俺もベッドに横になり、今日の出来事を振り返った。ライルさんとアーレスさんの戦いぶり、そして王都への期待・・・


考えているうちに、いつの間にか眠りについていた。


翌朝、俺たちは日が昇る前に起きた。朝食は簡単に済ませ、出発の準備を整える。


「おはよう、みんな」俺は二人に声をかけた。


「おはよ~」ティナが眠そうに応える。


「おはようございます」小鈴も控えめに挨拶する。


馬車に乗り込むと、すでに他の冒険者たちも準備を始めていた。


「おはようございます」俺はライルさんに挨拶した。


「おはよう、ユート」ライルさんが微笑みながら返す。「今日はもう少し進んで、大きな川沿いの村で一泊する予定だ」


「わかりました」俺は頷いた。


馬車が動き出し、村を出発した。朝日が昇り始め、平原を金色に染めている。


「きれいだね」ティナが猫耳を揺らしながら景色を眺める。


「ハイ、朝日は毎日違った美しさがありますね」小鈴も同意する。


俺は二人の言葉に頷きながら、窓の外を眺めた。この旅も、もうすぐ終盤だ。

(この調子で進めば、後3日くらいで着きそうだな)


朝日が昇り始め、平原を金色に染めている。朝の冷たい空気が馬車の窓越しに感じられる。


「今日はいい天気になりそうだね」ティナが猫耳を揺らしながら景色を眺める。


「ハイ、朝日は毎日違った美しさがありますね」小鈴も同意する。


彼女の三本の尾が優雅に揺れている。
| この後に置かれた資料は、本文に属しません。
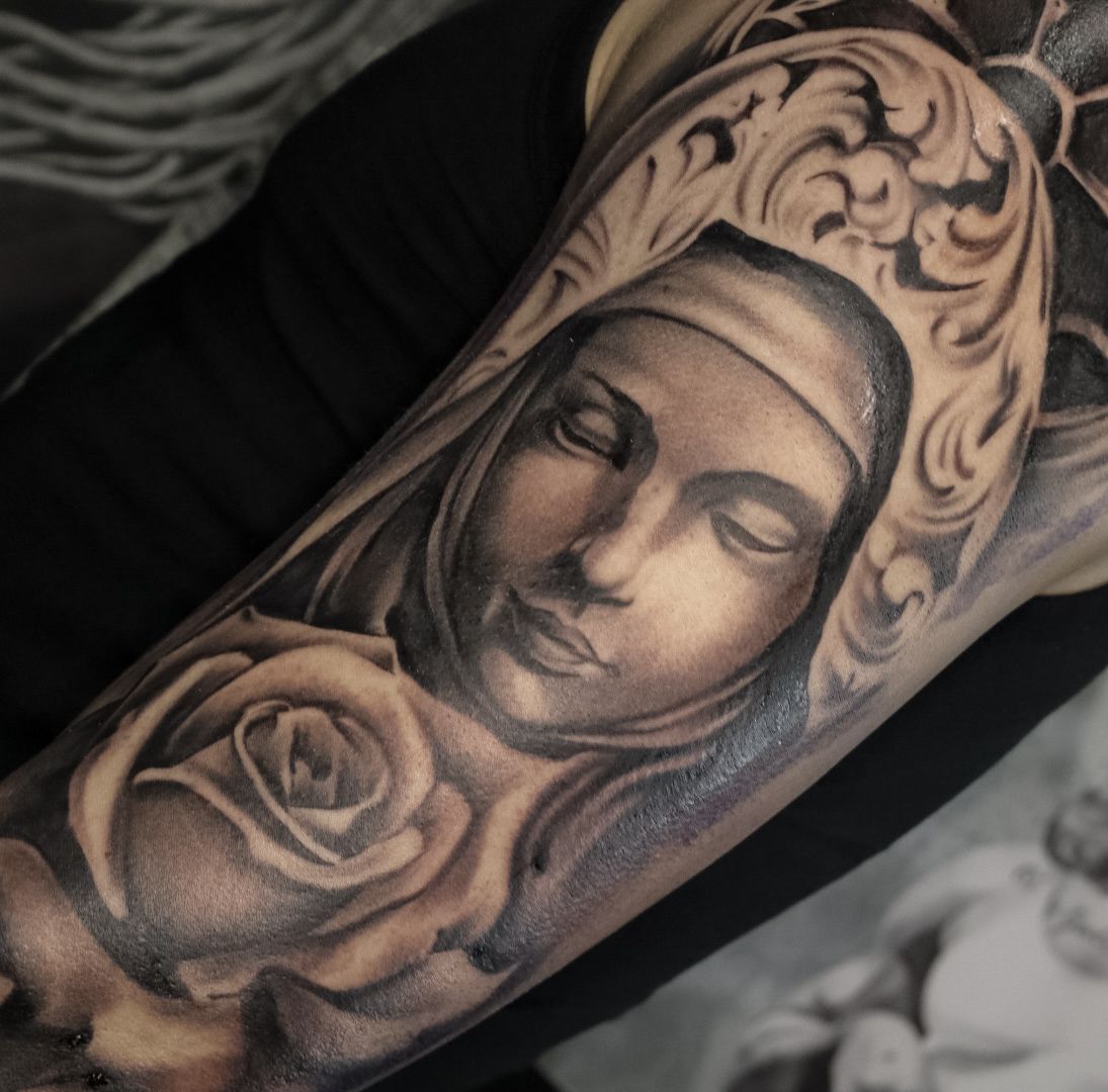 Chicano Black & Grey Tattoos | Bold lines, smooth realism, and powerful storytelling rooted in tradition.

王都に近づくにつれ、道は徐々に整備されていった。石畳が敷かれた部分も増えてきて、馬車の揺れも減ってきた。


「この辺りまで来ると、もうほとんど安全ですね」小鈴が周囲を見回しながら言う。


「そうだな、盗賊や魔物もほぼ出ないだろう」ライルさんが付け加える。


「ただ、油断は禁物だ」アーレスさんが珍しく口を開く。その言葉に俺たちは改めて気を引き締めた。川沿いの村に到着したのは昼前のことだった。規模は昨日の村より大きく、商人や旅人の姿も多く見られる。
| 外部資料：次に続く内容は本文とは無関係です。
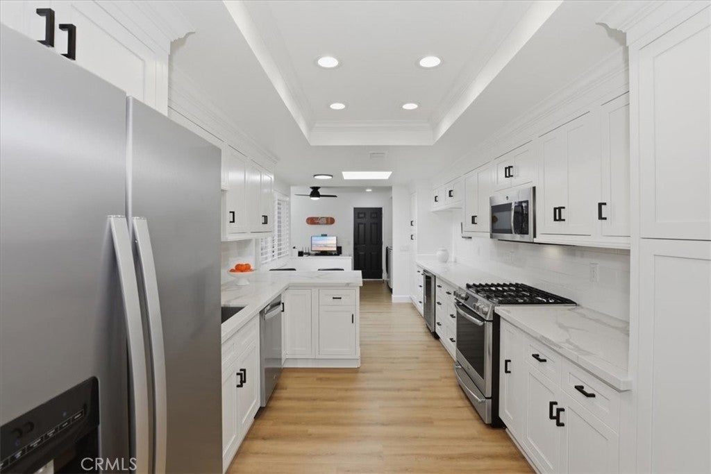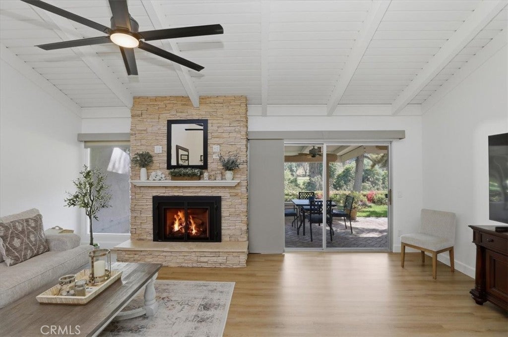Welcome to 702 Via Zapata, a fully remodeled and tastefully updated single-story home offering comfort, style, and scenic surroundings in a desirable Riverside community. This beautifully refreshed residence features an open and inviting floor plan with vaulted ceilings, abundant natural light, and modern finishes throughout. The remodeled kitchen showcases quartz countertops, updated cabinetry, and a seamless flow into the main living areas—perfect for both everyday living and entertaining. The spacious living room is anchored by a cozy fireplace and opens to the outdoor patio, creating an effortless indoor-outdoor connection. The thoughtfully updated bathrooms and consistent finishes throughout the home provide a clean, cohesive design. One of the standout features of this property is its golf course views, offering a peaceful and picturesque backdrop that enhances the overall living experience. The private outdoor space is ideal for relaxing, dining, or simply enjoying the surrounding greenery. Additional highlights include updated flooring, newer windows and doors, and a well-designed single-level layout with all bedrooms conveniently located on the main floor. Located within a well-maintained community offering pool and spa amenities, and close to shopping, dining, and commuter access, this home combines turnkey condition, desirable views, and a low-maintenance lifestyle.

「ここで昼食にしよう」ライルさんが提案した。「川魚を使った料理が有名らしい」


「お魚!いいね!」ティナが目を輝かせる。


「私も楽しみです」小鈴も同意する。


川辺にある食堂で昼食を取ることにした。俺たち三人は席に着き、料理を待つ間、メニューを見て話し合った。


「なにがあるのかな〜?私魚のソテーがいいかも!」


「ハイ、それもいいですね。私はスープにしようかと思います」


「俺は両方頼んでシェアするか」


そう決めると、店の主人に注文をした。待っている間、ティナと小鈴は窓の外の景色を眺めていた。川面に反射する陽光がキラキラと輝き、風が心地よい。


「ねえ、この調子で行けば明日には王都に着きそうだね」ティナが言う。


「ハイ、でも最後まで気を抜かないようにしましょうね」小鈴が穏やかに答える。


料理が運ばれてきて、三人で美味しく食べた後、再び馬車に戻った。午後は予定通り順調に進み、夕暮れ時には川沿いの村の宿で一泊することになった。宿屋の部屋は広く、窓からは川が見える。


「いい景色だね」ティナが窓際に寄りかかる。


「ハイ、川の流れを見ていると落ち着きますね」小鈴も隣に立つ。


「明日はいよいよ王都か・・・」俺は感慨深げに呟いた。


明日はついに王都に到着する予定だ。今までの疲れもあり、俺たちは早めに休むことにした。